Nirbhaya case: India hangs 4 men convicted for fatal New Delhi gang rape

Nirbhaya case, New Delhi gang rape

The mother of the victim thanked the judiciary and government after the convicts were hanged.


Published: Fri 20 Mar 2020, 5:26 AM

Last updated: Fri 20 Mar 2020, 7:42 PM

Four men sentenced to death for the gruesome gang rape and murder of a woman on a New Delhi bus in 2012 were hanged Friday, concluding a case that exposed the scope of sexual violence against women in India and prompted horrified Indians to demand swift justice.
The men were hanged at Tihar Jail in New Delhi, Press Trust of India reported, quoting jail authorities.

The victim, a 23-year-old physiotherapy student, was heading home with a male friend from a movie theater when six men tricked them onto a private bus. With no one else in sight, they beat her friend and repeatedly raped the woman. They penetrated her with a metal rod, causing fatal internal injuries.
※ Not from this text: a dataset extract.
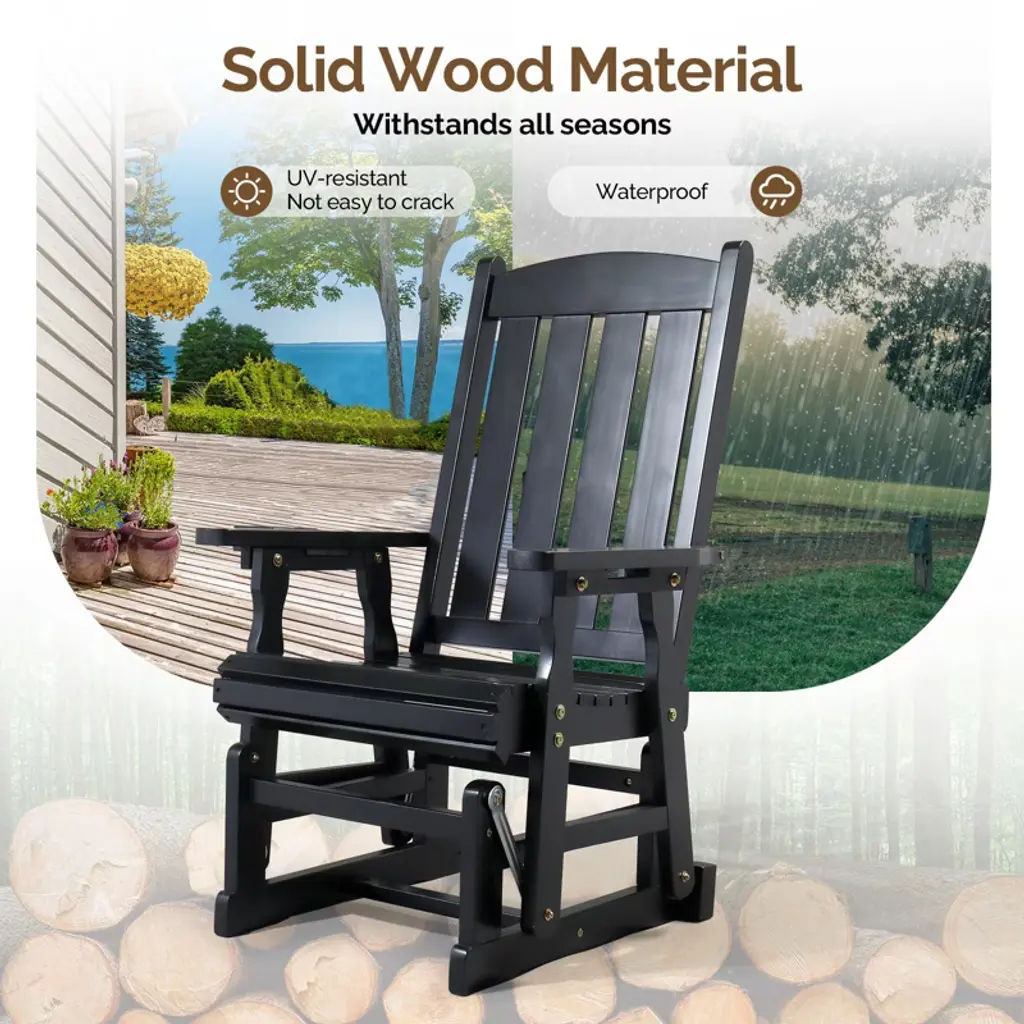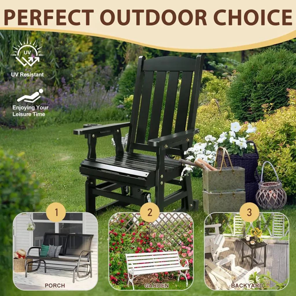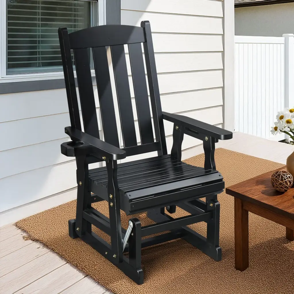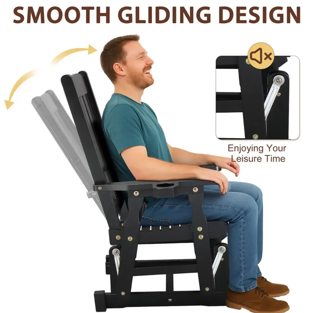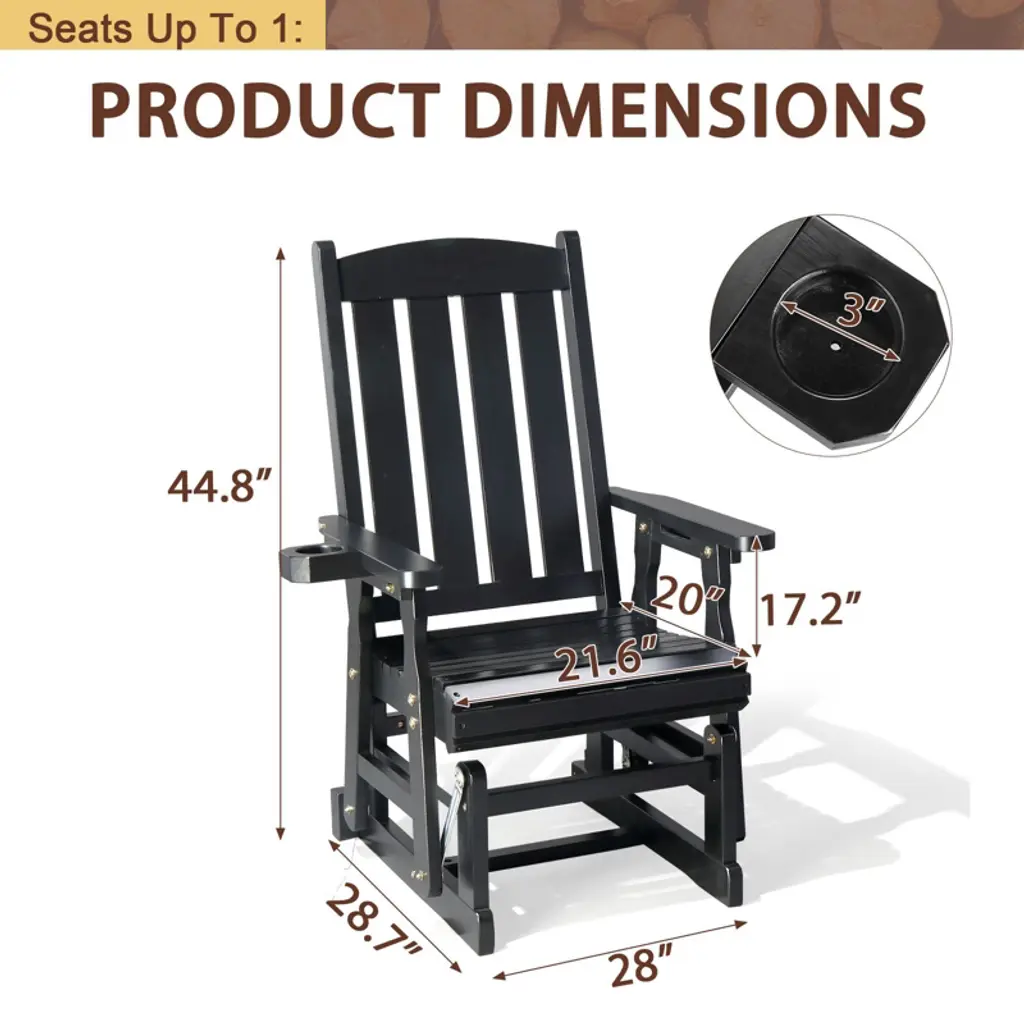 Karl Home | 32 In. Solid Wood Patio Glider Chair With Cup Holder
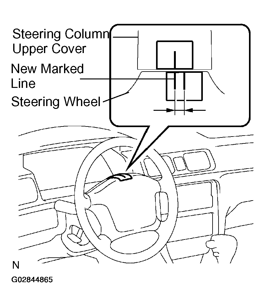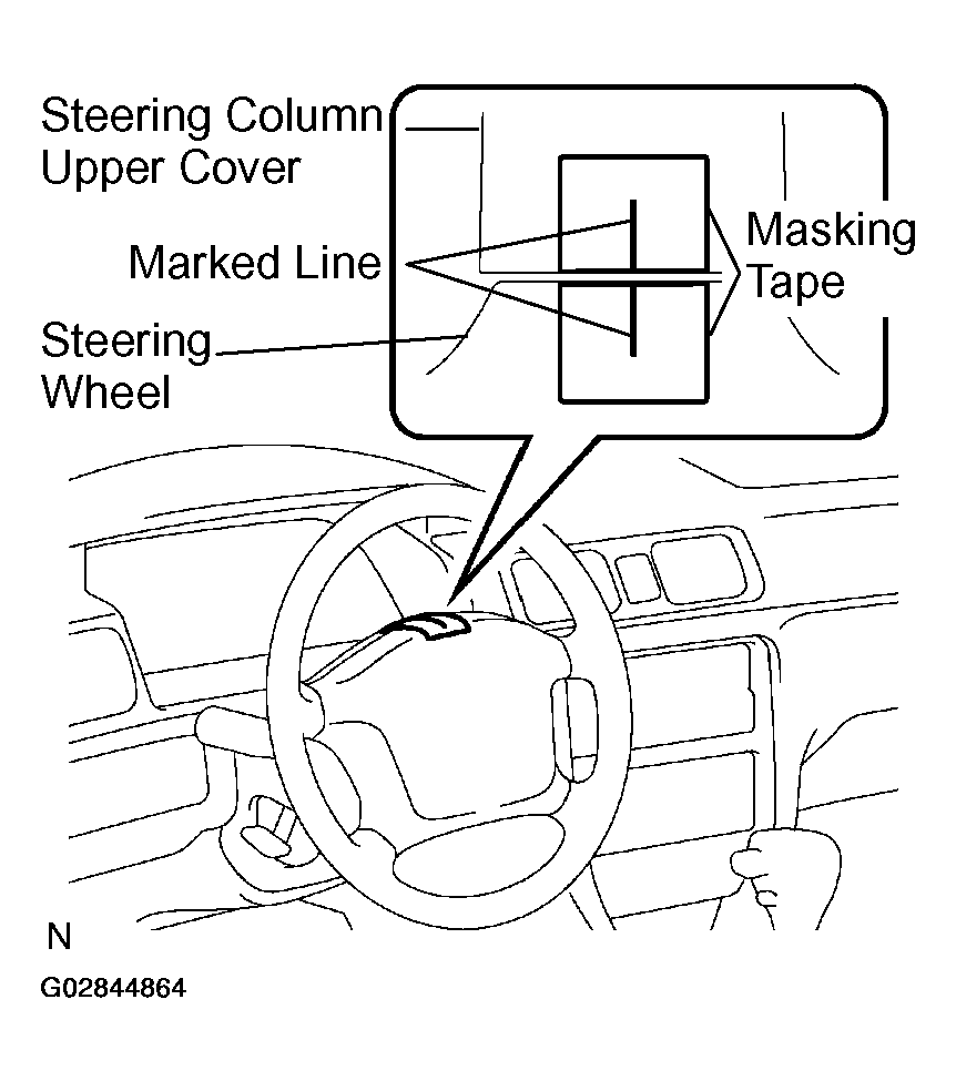 - Apply masking tape on the top center of the steering wheel and steering column upper cover.

They dumped both victims on the roadside, and the woman died two weeks later.
The case drew international attention and prompted Indian lawmakers to stiffen penalties for rape, part of a wave of changes as India confronted its appalling treatment of women.
Facing public protests and political pressure after the attack, the government reformed some of India's antiquated laws on sexual violence and created fast-track courts for handling rape trials that formerly could last more than a decade.

Asha Devi, the mother of the victim, thanked the judiciary and government after the convicts were hanged.

"Today, we got justice and this day is dedicated to the daughters of the country," she told reporters. "I could not protect her but I was able to fight for her."

Devi said she hoped that courts in India will end delays in rape cases and punish convicts within a year's time.

Hundreds of police were deployed outside the jail to control a crowd that waited to celebrate the executions. Dozens of activists and commoners held placards hailing the hangings outside the jail premises. The crowd chanted slogans like "Justice for women" in favor of the hangings and cheered by clapping and blowing whistles.

The assailants had stood trial relatively quickly in India's slow-moving justice system. Four defendants were found guilty and sentenced to death in 2013 and India's top court upheld the decisions in 2017.

Another suspect had hanged himself in prison before his trial began, though his family insists he was killed. The sixth assailant was a minor at the time of the attack and served three years in juvenile detention.

The executions were carried out as two recent attacks renew attention to the problem of sexual violence in India.